I want to thank my two colleagues for engaging so passionately and accurately with my work, and for problematizing all the omissions and blindnesses I carry. Their critiques are spot on and add nuance and context to a “fast and furious” analysis! As a 70-year old who is currently battling his employer for his speaking out on institutional racism, I am aware that my time for action is limited. The perception of time slipping away certainly fuels a tendency to strip things down to essentials. So I love how these two critiques illustrate why questions of identity are best addressed in conversations between those representing as much intersectionality as can be arranged. One of my core beliefs as a teacher is that introducing the question of race in a predominantly white institution (and indeed in any context) is best accomplished by a multiracial teaching team. That’s pretty much the only way that all the complexities of racial identity can be addressed. And the context within which whiteness is named and critiqued is so crucial. Although my piece contains some broad strokes advice, I am quite prepared to reverse or contradict these if something about the situation requires me to experiment radically with methodology.
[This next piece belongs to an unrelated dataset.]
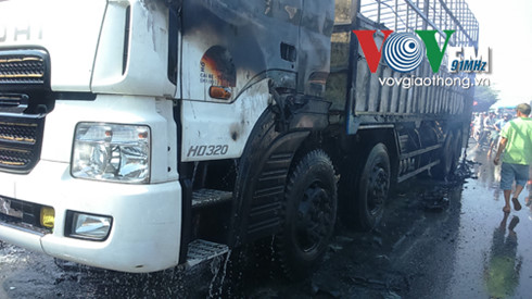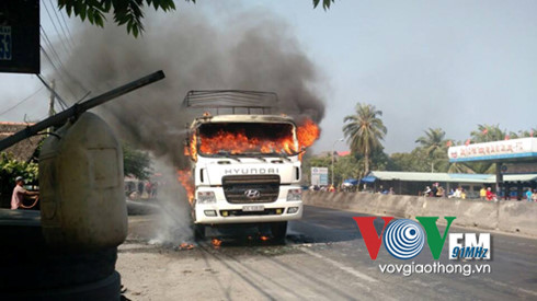 Xe tải chở thùng xốp đang lưu thông trên tuyến Quốc lộ 1, đoạn qua địa bàn xã Mỹ Đức Đông, tỉnh Tiền Giang thì bất ngờ bốc cháy dữ dội.

But, of course, as Edith Gnanadass so pertinently points out, a full explanation of structural inequities requires the permanent reality of intersectionality to be centered; otherwise “we as ABE researchers and practitioners, will once again default to centering whiteness and the white experience while pushing all other racial identities and experiences to the margins and reducing racial relations and racism to the “white-and” binary paradigm of race.” In fact, one of the ways that white supremacy maintains its power is by creating such a binary. The central idea of white supremacy is that only whiteness confers superior reasoning ability and calm, logical analysis, and that’s why whites should always be in the position of making decisions for the rest of the collective. Once that essentializing idea is challenged, decentered and displaced, then the structures based upon on it start to seem less automatically legitimate.